Éditions Édouard Garand (13p. 39-40).


DEUXIÈME PARTIE

RIEN NE CRAINT

CHAPITRE I

MADAME LOUVIER


Quinze jours se sont écoulés.

Sur la route, du Valgai aux Peupliers, à l’heure du crépuscule, on eut pu apercevoir la voiture du Docteur Philibert. Le médecin conduisait Diavolo, son cheval, lui-même. Assise à ses côtés, était une dame aux cheveux gris, vêtue de noir et portant des lunettes légèrement fumées.

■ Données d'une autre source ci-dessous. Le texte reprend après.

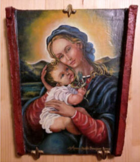 Madonna della Pace pittura ad olio su tegola romano dell’Artista N.D. Maria Assunta dè Frassine
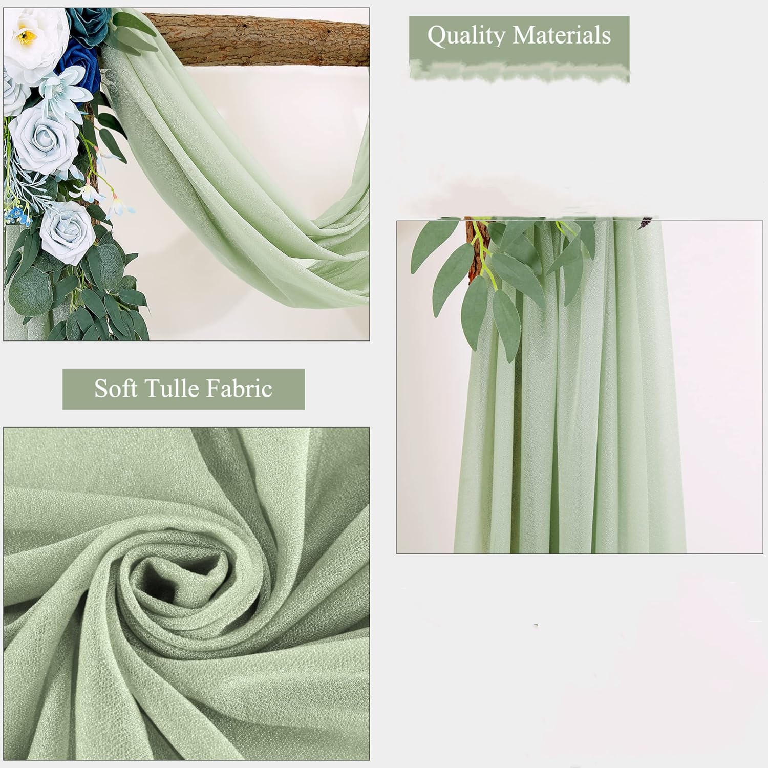 - Sage Green Wedding Arch Draping Fabric: Crafted from 100% high-quality tulle, our drapes are silky soft, lightweight, and wrinkle-free. The durable fabric ensures a smooth, elegant appearance every time, making it reusable for multiple events. Whether draped or left loose, it maintains its stunning look effortlessly.
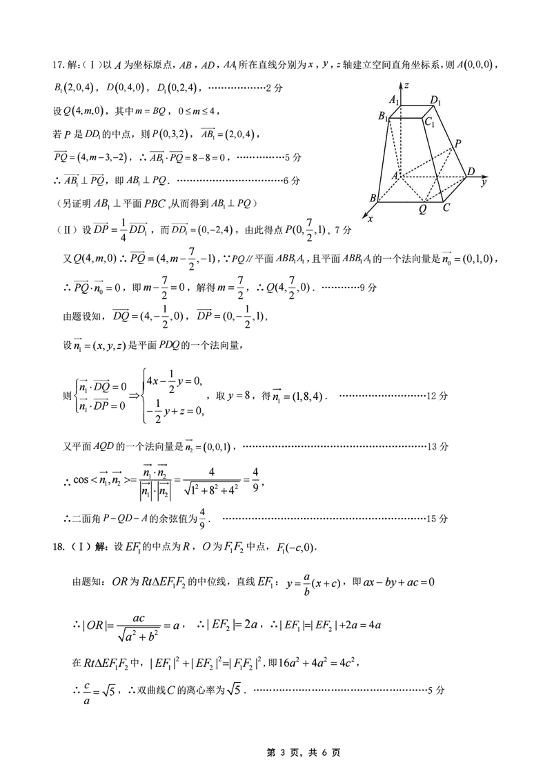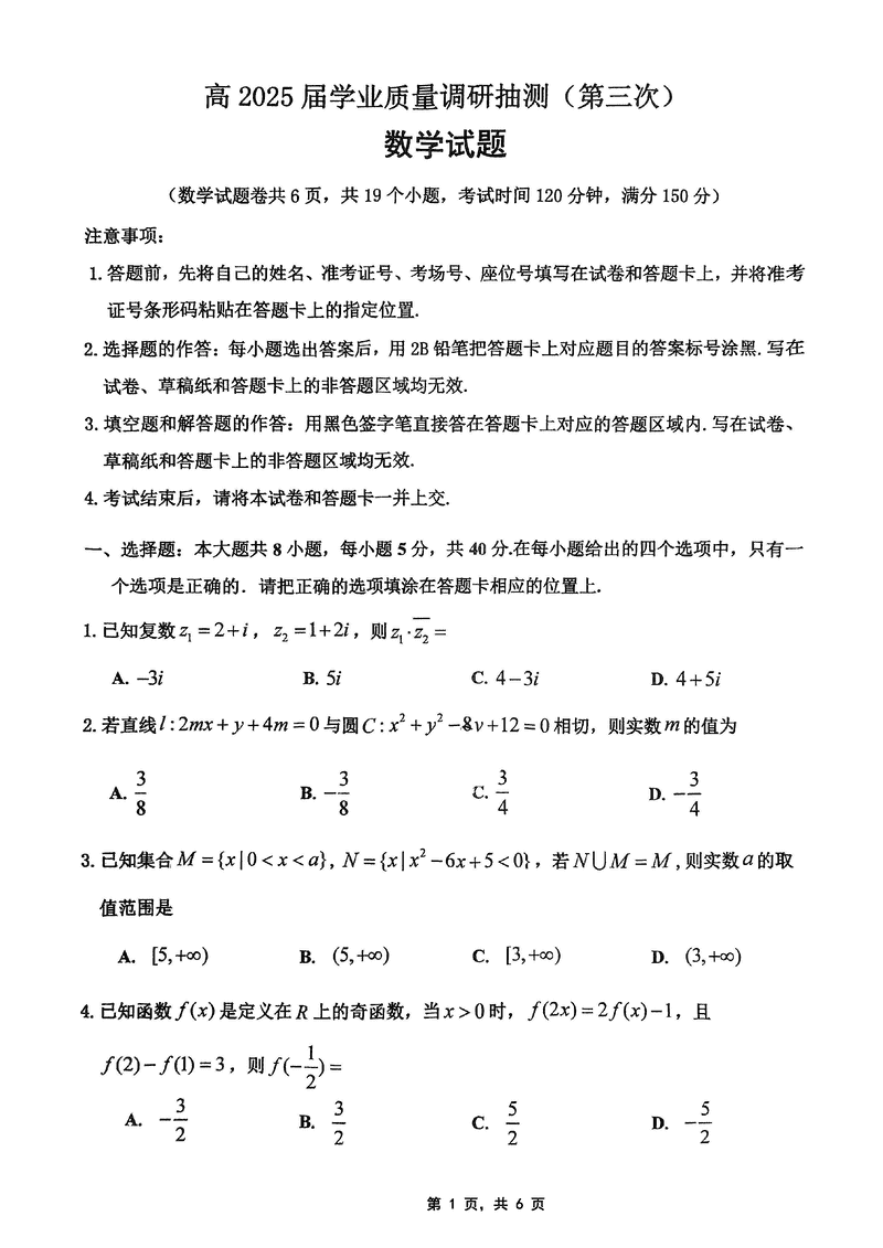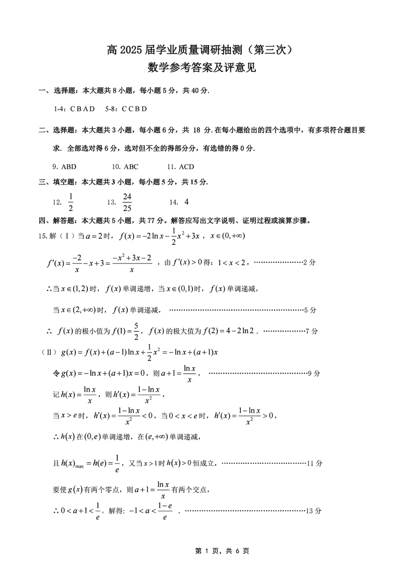 重庆市高2025届学业质量调研抽测(第三次)数学试题及答案

— Ainsi, ma chère enfant, disait le médecin, en s’adressant à sa compagne, vous avez résolu de courir de si terribles risques, parce que vous êtes convaincue que le testament de M. de Vilnoble a été volé ?

— Oui, Docteur, répondit la dame âgée. Je vous l’ai dit déjà, M. de Vilnoble était à l’agonie, quand Adrien me conduisit à la chambre mauve, cette nuit-là. Or, le notaire Champvert…

— Avait quitté les Peupliers, rappelez-vous en, Mlle Monthy !

— Chut ! Pas ce nom, je vous prie ! Mme Louvier, s’il vous plaît.

— Oui ! Oui ! Mme Louvier, qui, dans moins d’une heure, sera devenue ménagère des Peupliers, dit le médecin. Votre déguisement est parfait, Mademoi… Madame Louvier, je veux dire. Ce n’est pas encore la perruque et les lunettes qui vous déguisent si complètement ; c’est la teinte grise que vous êtes parvenue à donner à vos sourcils ; cela change votre physionomie tout à fait. Je disais donc que le notaire Champvert avait quitté les Peupliers, quand Adrien vous a conduite à votre chambre, la nuit du décès de M. de Vilnoble, or…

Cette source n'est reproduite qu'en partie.